Reinforced Curriculum Pre-Alignment for Domain-Adaptive VLMs

Vision-Language Models (VLMs) demonstrate remarkable general-purpose capabilities but often fall short in specialized domains such as medical imaging or geometric problem-solving. Supervised Fine-Tuning (SFT) can enhance performance within a target domain, but it typically causes catastrophic forgetting, limiting its generalization. The central challenge, therefore, is to adapt VLMs to new domains while preserving their general-purpose capabilities. Continual pretraining is effective for expanding knowledge in Large Language Models (LLMs), but it is less feasible for VLMs due to prohibitive computational costs and the unavailability of pretraining data for most open-source models. This necessitates efficient post-training adaptation methods. Reinforcement learning (RL)-based approaches such as Group Relative Policy Optimization (GRPO) have shown promise in preserving general abilities, yet they often fail in domain adaptation scenarios where the model initially lacks sufficient domain knowledge, leading to optimization collapse. To bridge this gap, we propose Reinforced Curriculum Pre-Alignment (RCPA), a novel post-training paradigm that introduces a curriculum-aware progressive modulation mechanism. In the early phase, RCPA applies partial output constraints to safely expose the model to new domain concepts. As the model's domain familiarity increases, training gradually transitions to full generation optimization, refining responses and aligning them with domain-specific preferences. This staged adaptation balances domain knowledge acquisition with the preservation of general multimodal capabilities. Extensive experiments across specialized domains and general benchmarks validate the effectiveness of RCPA, establishing a practical pathway toward building high-performing and domain-adaptive VLMs.
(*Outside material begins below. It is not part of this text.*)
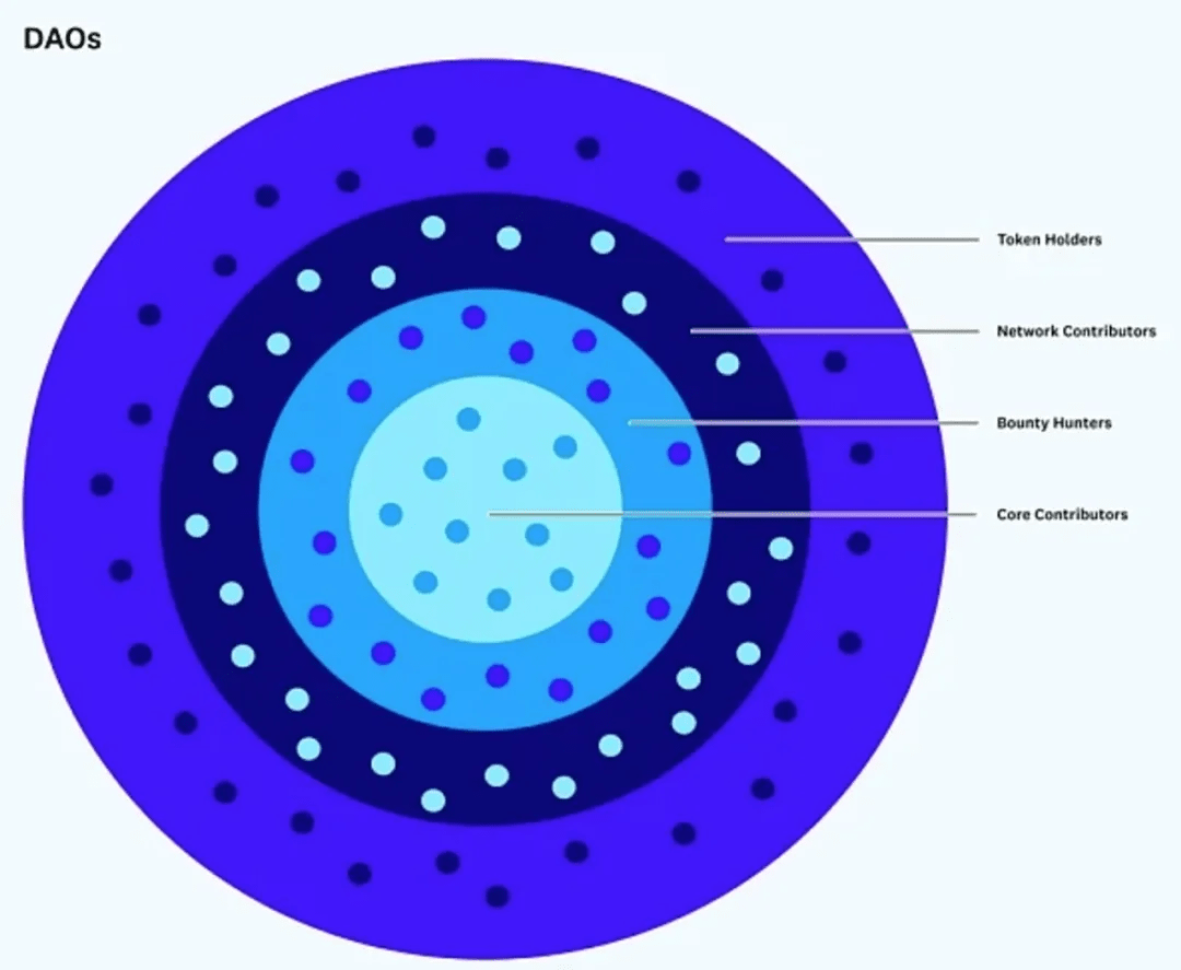 Comme le montre la figure, dans une organisation DAO, les individus peuvent contribuer en tant que détenteurs de jetons, participants au réseau, chasseurs de primes et contributeurs principaux, ce qui rendra le travail plus exigeant que le travail de neuf à cinq auquel nous sommes habitués. plus amusant. Par exemple:

翻译：视觉语言模型（VLMs）展现出卓越的通用能力，但在医学影像或几何问题求解等专业领域中往往表现不足。监督微调（SFT）虽能提升模型在目标领域内的性能，但通常会导致灾难性遗忘，从而限制其泛化能力。因此，核心挑战在于使VLMs适应新领域的同时保持其通用能力。持续预训练对于扩展大语言模型（LLMs）的知识是有效的，但由于计算成本过高且大多数开源模型缺乏预训练数据，该方法对VLMs的可行性较低。这催生了对高效后训练适应方法的需求。基于强化学习（RL）的方法，如群体相对策略优化（GRPO），在保持通用能力方面已显示出潜力，但在领域适应场景中，当模型初始阶段缺乏足够领域知识时，常因优化崩溃而失败。为弥合这一差距，我们提出强化课程预对齐（RCPA），一种新颖的后训练范式，引入了课程感知的渐进调制机制。在早期阶段，RCPA应用部分输出约束，安全地将模型暴露于新领域概念。随着模型对领域的熟悉度增加，训练逐步过渡至完整生成优化，精炼响应并使其与领域特定偏好对齐。这种分阶段适应平衡了领域知识获取与通用多模态能力的保持。在多个专业领域及通用基准上的广泛实验验证了RCPA的有效性，为构建高性能且领域自适应的VLMs开辟了一条实用路径。